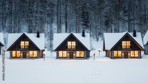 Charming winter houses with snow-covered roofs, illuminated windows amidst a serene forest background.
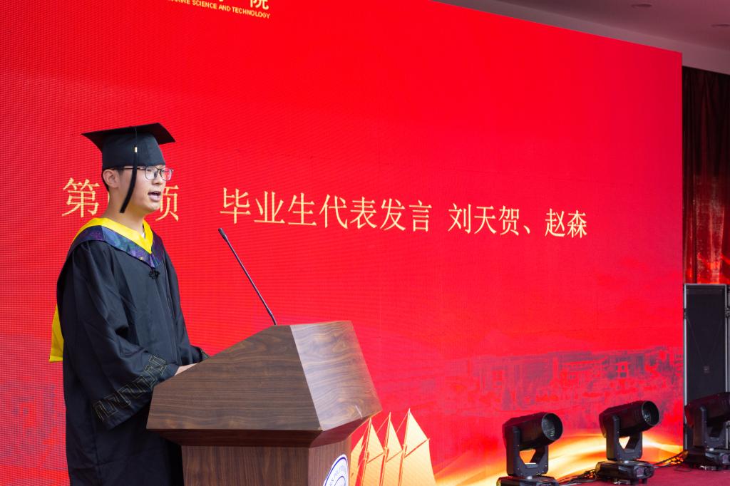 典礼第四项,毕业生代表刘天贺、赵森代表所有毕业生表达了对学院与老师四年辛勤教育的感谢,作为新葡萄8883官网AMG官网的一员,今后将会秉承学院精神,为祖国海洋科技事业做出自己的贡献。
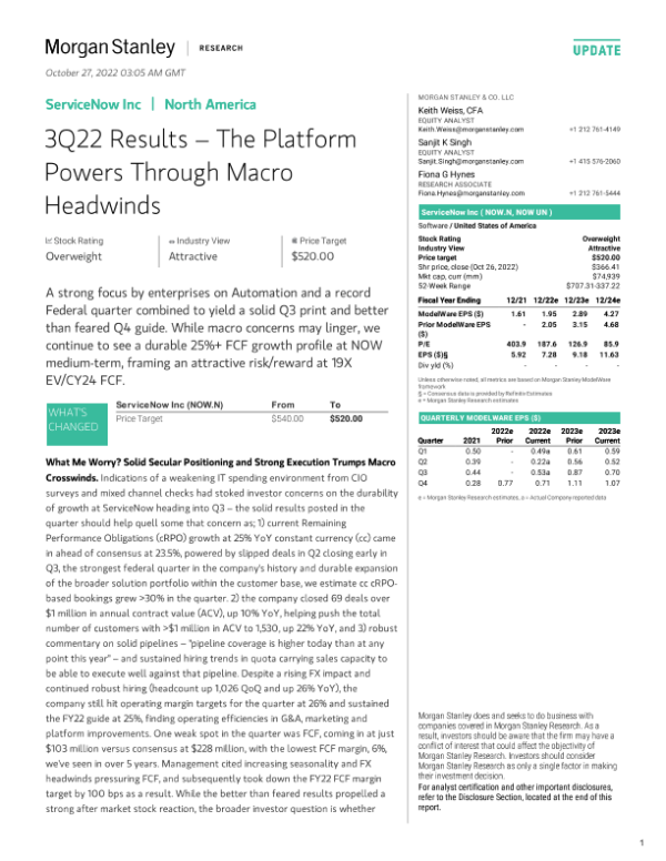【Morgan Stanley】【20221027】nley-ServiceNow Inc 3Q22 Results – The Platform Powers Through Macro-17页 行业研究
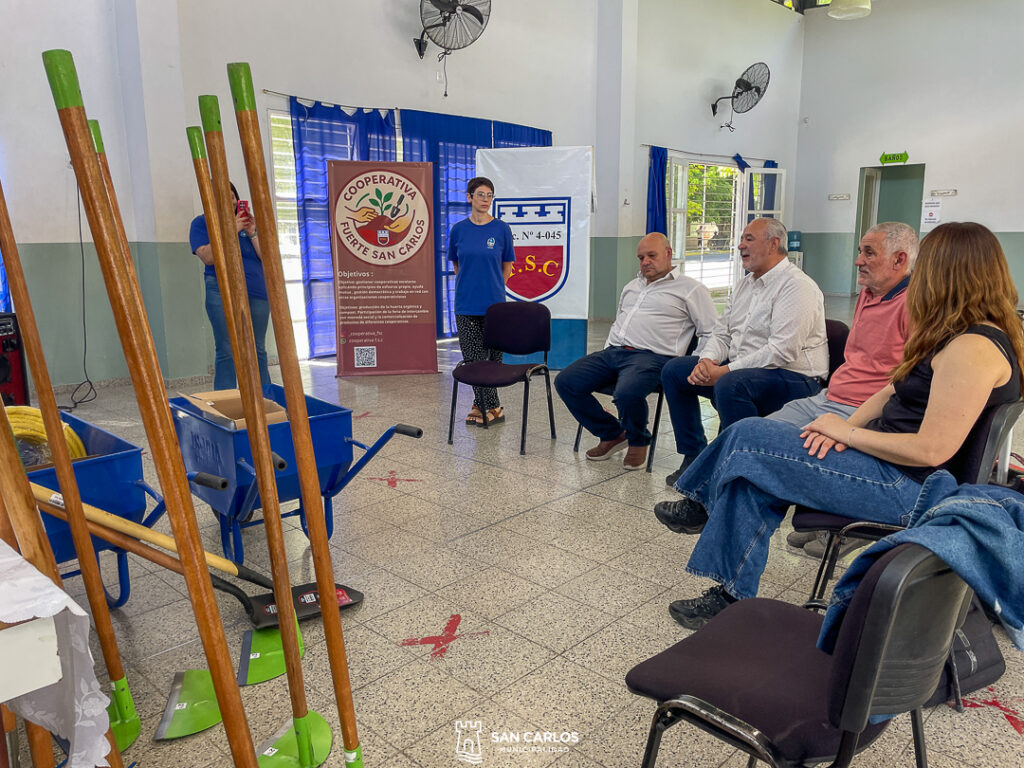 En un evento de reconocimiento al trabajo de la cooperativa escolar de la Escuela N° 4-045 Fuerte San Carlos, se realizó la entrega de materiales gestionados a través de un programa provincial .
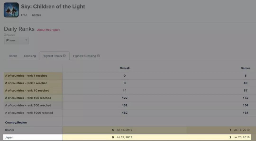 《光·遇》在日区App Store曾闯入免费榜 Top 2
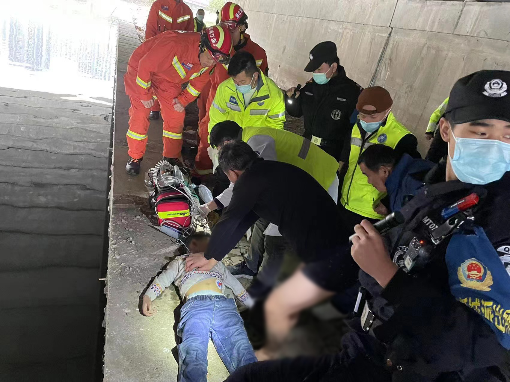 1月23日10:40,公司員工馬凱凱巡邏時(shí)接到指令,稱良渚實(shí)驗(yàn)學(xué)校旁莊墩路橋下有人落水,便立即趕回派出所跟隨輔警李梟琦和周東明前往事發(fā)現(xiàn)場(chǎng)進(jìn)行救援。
========================================
- **WHAT YOU NEED TO DO**
After locating "典礼第四项,毕业生代表刘天贺" and "Store曾闯入免费榜 Top 2" in the records above, return exactly the line holding each one and every line between them; leave out the pictures.

- **SOLVED PROBLEM**
 典礼第四项,毕业生代表刘天贺、赵森代表所有毕业生表达了对学院与老师四年辛勤教育的感谢,作为新葡萄8883官网AMG官网的一员,今后将会秉承学院精神,为祖国海洋科技事业做出自己的贡献。
【Morgan Stanley】【20221027】nley-ServiceNow Inc 3Q22 Results – The Platform Powers Through Macro-17页 行业研究
 En un evento de reconocimiento al trabajo de la cooperativa escolar de la Escuela N° 4-045 Fuerte San Carlos, se realizó la entrega de materiales gestionados a través de un programa provincial .
 《光·遇》在日区App Store曾闯入免费榜 Top 2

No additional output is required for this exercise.